Ask Jonathan Zdziarski

You may recognize the name Jonathan Zdziarski from a recent Slashdot book review of his book Ending Spam. Aside from his DSPAM spam filter Jonathan has also contributed several other projects to the open source community under the GNU General Public License. These projects include Verizon-Compatible SMIL Multimedia Gateway, The Reactive Automated Blackhole List Server, Apache DoS Evasive Maneuvers Module, and several others. Want to know how to effectively contribute projects to the open source community? Curious to ask another programmer about his history? Now is the time to ask. Moderators will select the top few questions that we will forward on to Jonathan sometime tomorrow. The answers to the questions will be displayed next Tuesday when we will encourage Jonathan to participate in the discussion as time permits.

Nomenclature

How do you pronounce your name?

Re:Nomenclature

[Ann+Elk]

Polish 'z' sounds like English 'z' as in "zoom".
Polish 'dzi' trigraph sounds more-or-less like English 'j' as in "jam".
Polish 'a' sounds like English 'a' as in "call".
Polish 'r' sounds something like an English 'r' as in "read", but it's rolled (more like a Spanish 'r').
Polish 's' sound like English 's' as in "say".
Polish 'k' sounds like English 'k' as in "kit".
Polish 'i' sounds like English 'y' as in "fully".

"Z-dzi-a-r-s-k-i" is prounounced (very roughly) "Ze-jarrsky". At least, in theory.
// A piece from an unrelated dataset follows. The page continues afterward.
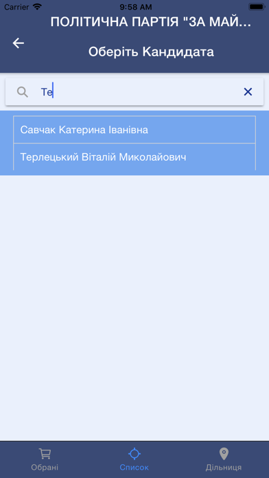 3. Аплікація для Новояворівського ОТГ дозволяє наперед відмітити собі кандидатів. Іформація залишиться тільки на вашому пристрої. І буде видалена під час того як ви видалите аплікацію

I'm not Polish, so he may have a different opinion.

How do you pronounce your last name?

[winkydink]

that's my question.

Re:How do you pronounce your last name?

[halltk1983]

Exactly as it's spelled! ;-)

GPL 3?

Seeing how Johnathan has put much of his time and effort into Open Source projects over the years, it would seem he is a good canadate for this question: What do you think about the proposed change to the GPL with the upcoming GPL 3? Is it a welcomed breath of fresh air to the Open Source Community, or will it just be a reiteration of the previous GPL? What are your thoughts and comments on the GPL 3?

--
Do you get those pesky Nigerian 419 emails? Post them here, and watch the database grow! : http://urgentmessage.org/

Future of Anti-Spam Techniques

[mxmasster]

Most antispam software seems to be fairly reactionary - wither it is based on keyword patters, urls, sender, ip, or the checksum of the message a certain amount of spam has to first be sent and identified before additional messages will be tagged and blocked. Spf, domainkeys, etc... requires a certain percentage of the Internet to adopt before they will be truely effective.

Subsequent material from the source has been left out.